→ Problem to solve: Every line of the material below needs to be copied exactly; omit the pictures.

→ Supplied material:
============================================================

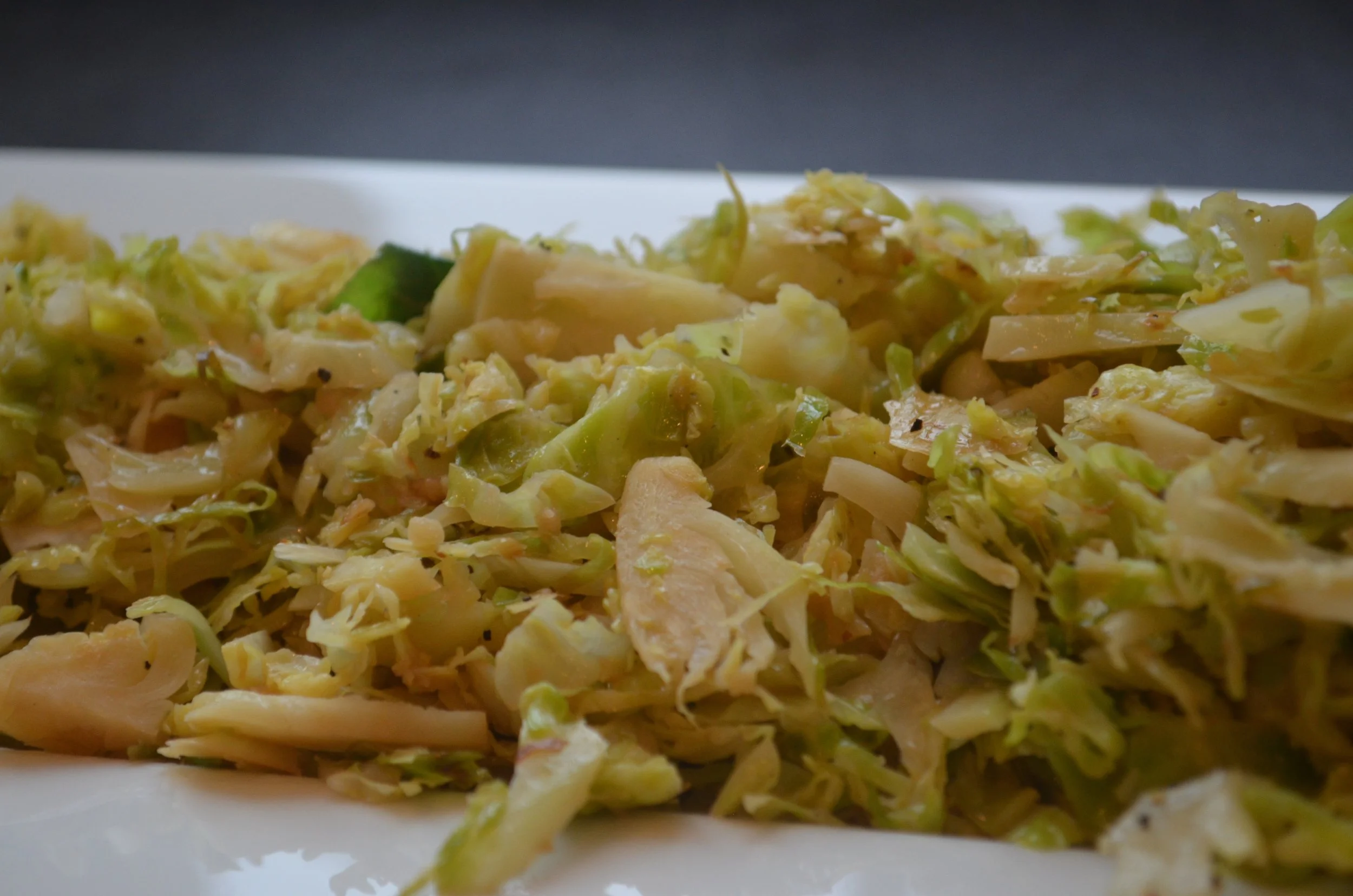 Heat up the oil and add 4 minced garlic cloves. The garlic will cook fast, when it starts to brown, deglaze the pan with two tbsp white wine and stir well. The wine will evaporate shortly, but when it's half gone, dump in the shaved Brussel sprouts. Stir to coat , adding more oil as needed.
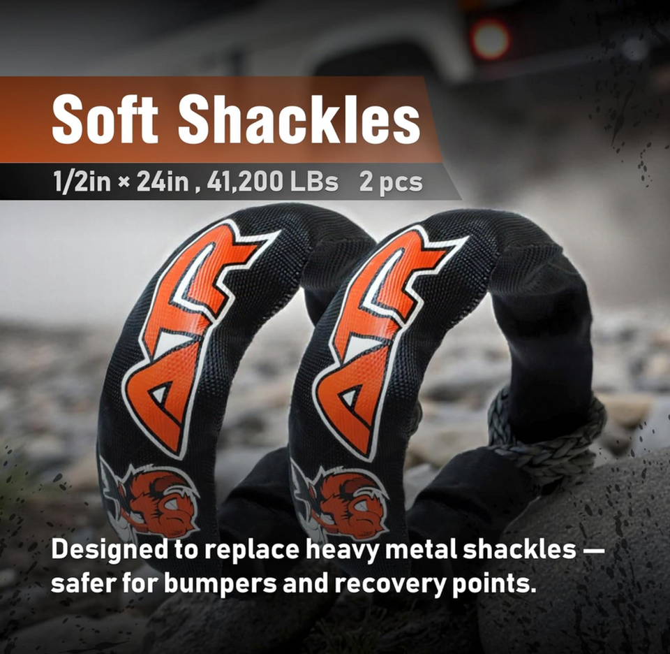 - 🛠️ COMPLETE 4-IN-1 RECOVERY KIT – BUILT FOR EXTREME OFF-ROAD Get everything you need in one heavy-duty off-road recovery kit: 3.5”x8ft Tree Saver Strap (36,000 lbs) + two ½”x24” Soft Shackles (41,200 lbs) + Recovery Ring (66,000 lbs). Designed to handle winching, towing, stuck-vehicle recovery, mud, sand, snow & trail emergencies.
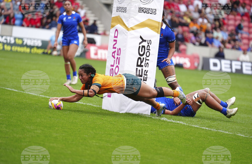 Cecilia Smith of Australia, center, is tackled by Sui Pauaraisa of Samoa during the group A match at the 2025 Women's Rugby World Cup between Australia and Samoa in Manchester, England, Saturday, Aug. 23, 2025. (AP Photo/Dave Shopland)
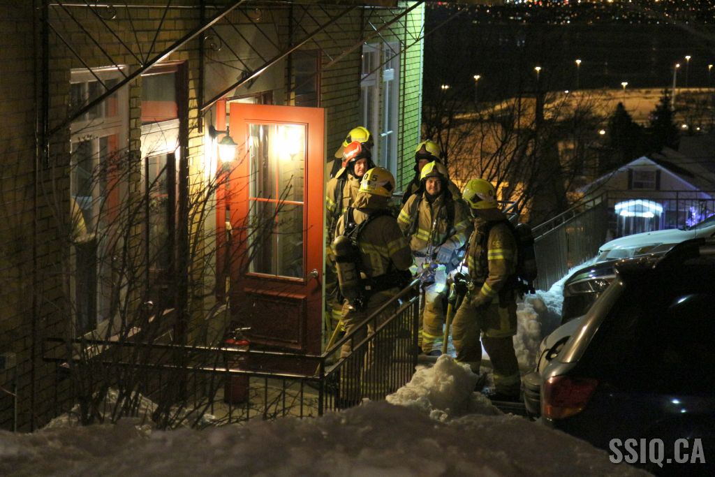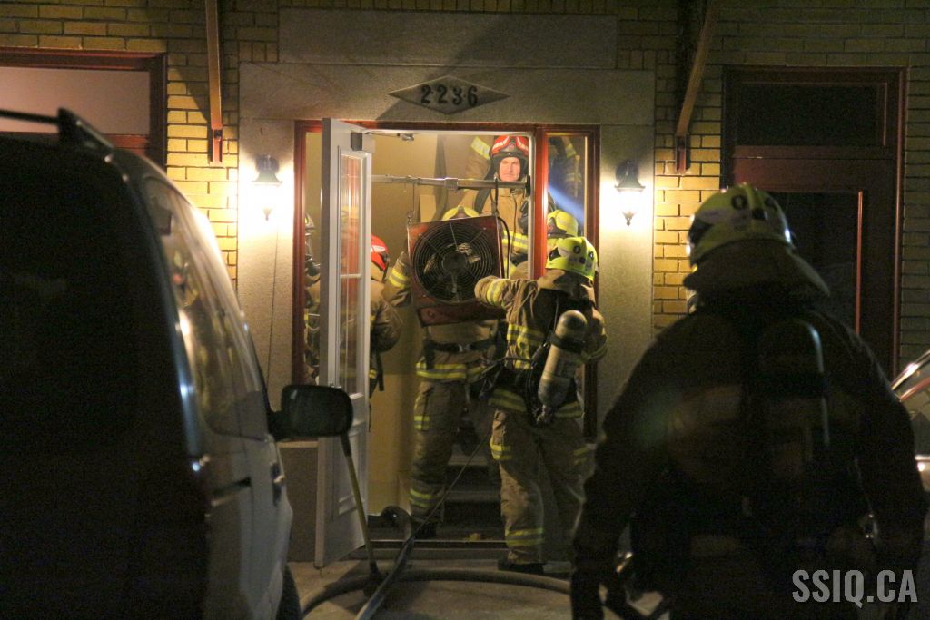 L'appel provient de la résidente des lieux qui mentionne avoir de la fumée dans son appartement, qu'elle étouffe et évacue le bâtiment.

============================================================

→ Task answer:
 Heat up the oil and add 4 minced garlic cloves. The garlic will cook fast, when it starts to brown, deglaze the pan with two tbsp white wine and stir well. The wine will evaporate shortly, but when it's half gone, dump in the shaved Brussel sprouts. Stir to coat , adding more oil as needed.
 - 🛠️ COMPLETE 4-IN-1 RECOVERY KIT – BUILT FOR EXTREME OFF-ROAD Get everything you need in one heavy-duty off-road recovery kit: 3.5”x8ft Tree Saver Strap (36,000 lbs) + two ½”x24” Soft Shackles (41,200 lbs) + Recovery Ring (66,000 lbs). Designed to handle winching, towing, stuck-vehicle recovery, mud, sand, snow & trail emergencies.
 Cecilia Smith of Australia, center, is tackled by Sui Pauaraisa of Samoa during the group A match at the 2025 Women's Rugby World Cup between Australia and Samoa in Manchester, England, Saturday, Aug. 23, 2025. (AP Photo/Dave Shopland)
 L'appel provient de la résidente des lieux qui mentionne avoir de la fumée dans son appartement, qu'elle étouffe et évacue le bâtiment.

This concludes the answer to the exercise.